Five global banks agreed to pay more than $5 billion in combined penalties and plead guilty to criminal charges to resolve a long-running U.S. investigation into whether traders colluded to move foreign-currency rates for their own financial benefit.
The settlements largely close the book on the latest industrywide investigation, one of a steady stream of probes into mortgage misdeeds, manipulative trading behavior and tax evasion. The biggest global banks have paid more than $60 billion in penalties over the past two years to resolve allegations of wrongdoing.
Four of the banks, Barclays PLC, Citigroup Inc., J.P. Morgan Chase & Co. and Royal Bank of Scotland Group PLC, pleaded guilty on Wednesday to conspiring to manipulate prices in the $500 billion-a-day market for U.S. dollars and euros, authorities said.
Viswanatha, Aruna. "Banks Pay $5.6 Billion to Settle U.S. Probe." The Wall Street Journal., Thursday, May 21, 2015, A1, Accessed on May 21, 2015, http://www.wsj.com/articles/global-banks-to-pay-5-6-billion-in-penalties-in-fx-libor-probe-1432130400
Apparently, some traders at these banks conspired to manipulate rates at certain times of the day so as to enrich themselves not only at the expense of others but also at the expense of a free, fair and open foreign exchange market. The business ethics ethos of the group is articulated succinctly, if not douchebaggedly, in one of their captured chat exchanges wherein a party writes, "if you ain't cheating, you ain't trying."

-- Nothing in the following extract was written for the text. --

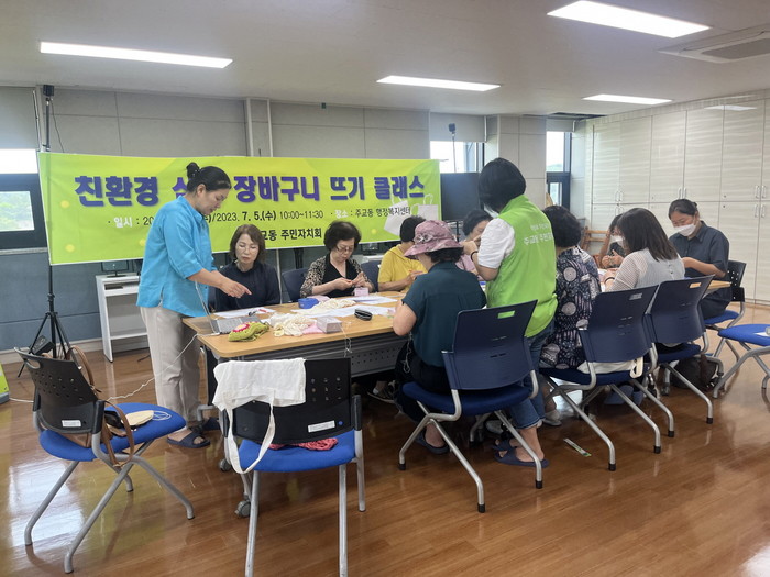 [부자동네타임즈 김인수기자] 고양특례시 주교동 주민자치회는 지난 28일 동 행정복지센터에서 지역주민들과 함께 ‘친환경 삼베 장바구니 뜨기’ 행사를 진행했다.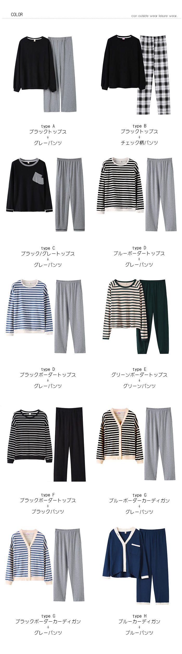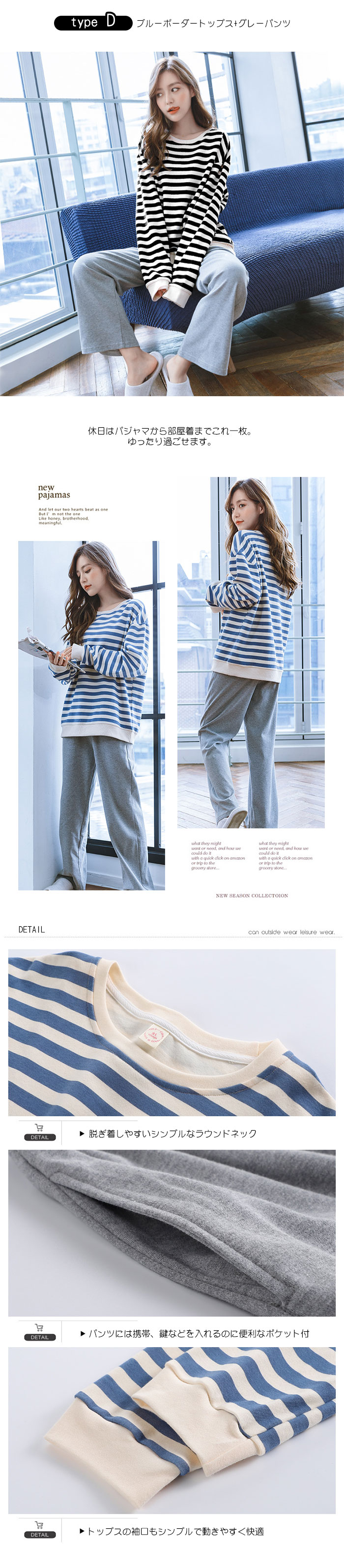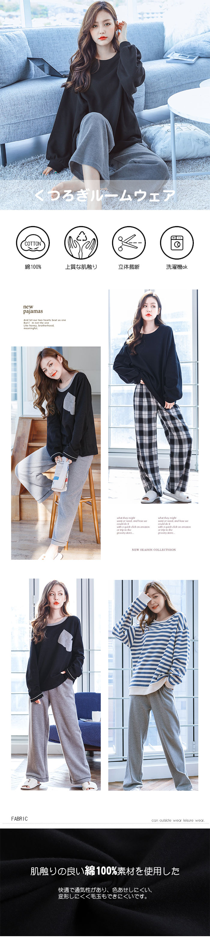 ルームウェア レディース 綿100 秋 インナー 下着 ナイトウエア 人気 Aブラックトップス+グレーパンツ Bブラック+チェック柄パンツ Cブラック/グレー+グレーパンツ Dブルーボーダー+グレーパンツ Dブラックボーダー+グレーパンツ Fブラックボーダー+ブラックパンツ Gブルーボーダー+グレー Gブラックボーダー+グレー M L XL 2XL

Adam Smith says, "deal with it." |
Although the following passage is often misinterpreted, I can't help but think of Adam Smith when I read of such shenanigans. As the man from Kirkcaldy reminds us, "People of the same trade seldom meet together, even for merriment and diversion, but the conversation ends in a conspiracy against the public, or in some contrivance to raise prices."
Illud natura non patitur, ut aliorum spoliis nostras facultates, copias, opes augeamus.